Line by line, transcribe the data below exactly and pass over the images.

Dataset section: Begin

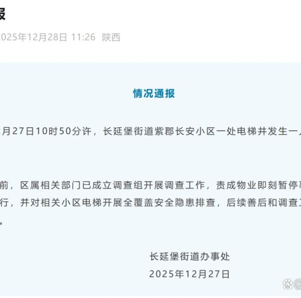 12月27日10时50分许,长延堡街道紫郡长安小区一处电梯井发生一人死亡事件。目前,区属相关部门已成立调查组开展调查工作,责成物业即刻暂停事发楼宇电梯运行...[详情]
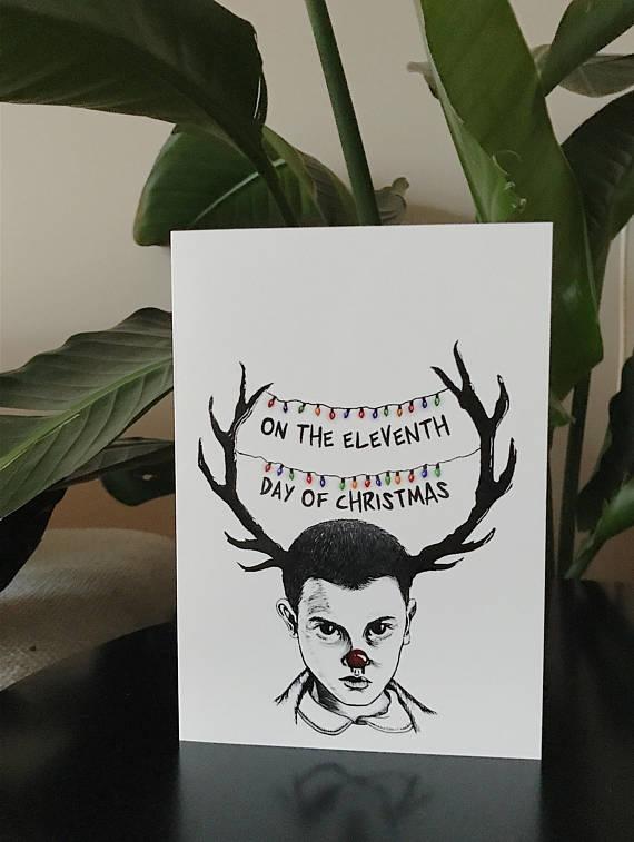 Finalement, si tu es du genre à offrir des cartes de Noël avec tes cadeaux, on trouvait que celle-ci était vraiment réussie. Tu seras certainement plus inspiré d'écrire tes souhaits des Fêtes quand y'a la face d'Eleven en version p'tit renne au nez rouge sur la carte!
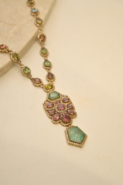 Multi Tourmaline Art Deco Victorian Long Necklace
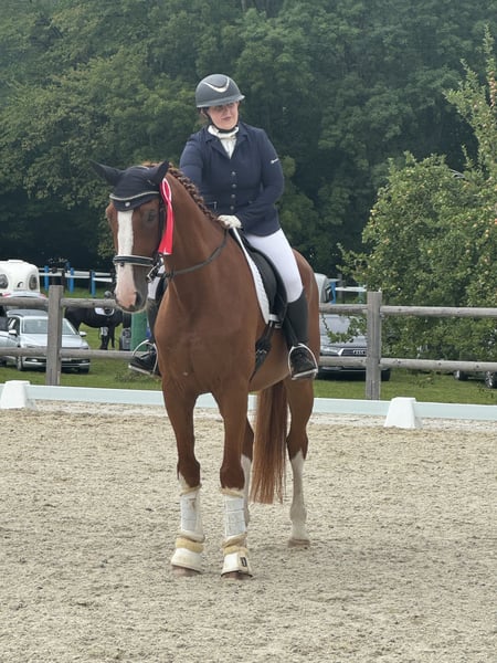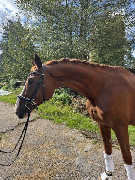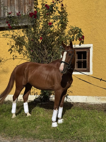 Bernstein (von uns Börni genannt) ist ein schicker Fuchswallach, der 2016 geboren ist - DSP-Beradini/Boston/Jazz. Er hat ein Stockmass von 1,75 und 3 gute, leichtfüssige Grundgangarten. Börni wurde bereits platziert und siegreich in A und L Aufgaben vorgestellt. Er wird solide ausgebildet und wird bei weiterer Arbeit sicherlich ein toller Partner für höhere Dressur werden. Er kennt Cavaletti und Stangenarbeit und ist auch schon kleinere Pacourauschnitte bis 100cm gesprungen. Aufgrund seiner Arbeits- einstellung macht ihm dies auch Spass. Ein Ritt ins Gelände stellt kein Problem dar. Allerdings ist er kein Anfängerpferd und braucht einen sicheren Reiter. Im Umgang ist er super brav, kennt Kinder, Hunde, Traktoren und grössere Gerätschaften, da er auf einem landwirtschaftlichen Betrieb steht. Er steht bei uns 24/7 auf der Weide (wenn es das Wetter zulässt) ansonsten ist er Boxenhaltung gewöhnt. Wir würden uns allerdings einen Platz mit viel Weide wünschen, da er einfach ausgeglichener ist und gerne mit seinen Artgenossen Zeit verbringt und im Herdenverband auch gemischt sehr verträglich ist. Wir wünschen uns für Börni ein liebevolles Zuhause an dem seine Fähigkeiten und Fertigkeiten weiter gefördert werden. Probereiten ist nach Vereinbarung jederzeit möglich!

Dataset section: End

> [Answer to this task]:
 12月27日10时50分许,长延堡街道紫郡长安小区一处电梯井发生一人死亡事件。目前,区属相关部门已成立调查组开展调查工作,责成物业即刻暂停事发楼宇电梯运行...[详情]
 Finalement, si tu es du genre à offrir des cartes de Noël avec tes cadeaux, on trouvait que celle-ci était vraiment réussie. Tu seras certainement plus inspiré d'écrire tes souhaits des Fêtes quand y'a la face d'Eleven en version p'tit renne au nez rouge sur la carte!
 Multi Tourmaline Art Deco Victorian Long Necklace
 Bernstein (von uns Börni genannt) ist ein schicker Fuchswallach, der 2016 geboren ist - DSP-Beradini/Boston/Jazz. Er hat ein Stockmass von 1,75 und 3 gute, leichtfüssige Grundgangarten. Börni wurde bereits platziert und siegreich in A und L Aufgaben vorgestellt. Er wird solide ausgebildet und wird bei weiterer Arbeit sicherlich ein toller Partner für höhere Dressur werden. Er kennt Cavaletti und Stangenarbeit und ist auch schon kleinere Pacourauschnitte bis 100cm gesprungen. Aufgrund seiner Arbeits- einstellung macht ihm dies auch Spass. Ein Ritt ins Gelände stellt kein Problem dar. Allerdings ist er kein Anfängerpferd und braucht einen sicheren Reiter. Im Umgang ist er super brav, kennt Kinder, Hunde, Traktoren und grössere Gerätschaften, da er auf einem landwirtschaftlichen Betrieb steht. Er steht bei uns 24/7 auf der Weide (wenn es das Wetter zulässt) ansonsten ist er Boxenhaltung gewöhnt. Wir würden uns allerdings einen Platz mit viel Weide wünschen, da er einfach ausgeglichener ist und gerne mit seinen Artgenossen Zeit verbringt und im Herdenverband auch gemischt sehr verträglich ist. Wir wünschen uns für Börni ein liebevolles Zuhause an dem seine Fähigkeiten und Fertigkeiten weiter gefördert werden. Probereiten ist nach Vereinbarung jederzeit möglich!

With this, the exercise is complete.